**Extracted entries:**
------------------------------------------------------------
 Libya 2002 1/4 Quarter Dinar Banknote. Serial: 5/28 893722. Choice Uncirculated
------------------------------------------------------------
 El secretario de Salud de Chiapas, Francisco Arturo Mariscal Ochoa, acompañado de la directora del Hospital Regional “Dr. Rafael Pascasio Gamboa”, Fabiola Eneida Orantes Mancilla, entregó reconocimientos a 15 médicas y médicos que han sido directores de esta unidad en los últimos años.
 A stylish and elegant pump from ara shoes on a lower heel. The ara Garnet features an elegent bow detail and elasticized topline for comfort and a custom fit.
------------------------------------------------------------
In the listing above, find the line holding "El secretario de" and the line holding "A stylish and", then output those two lines and every line between them exactly.

 El secretario de Salud de Chiapas, Francisco Arturo Mariscal Ochoa, acompañado de la directora del Hospital Regional “Dr. Rafael Pascasio Gamboa”, Fabiola Eneida Orantes Mancilla, entregó reconocimientos a 15 médicas y médicos que han sido directores de esta unidad en los últimos años.
 A stylish and elegant pump from ara shoes on a lower heel. The ara Garnet features an elegent bow detail and elasticized topline for comfort and a custom fit.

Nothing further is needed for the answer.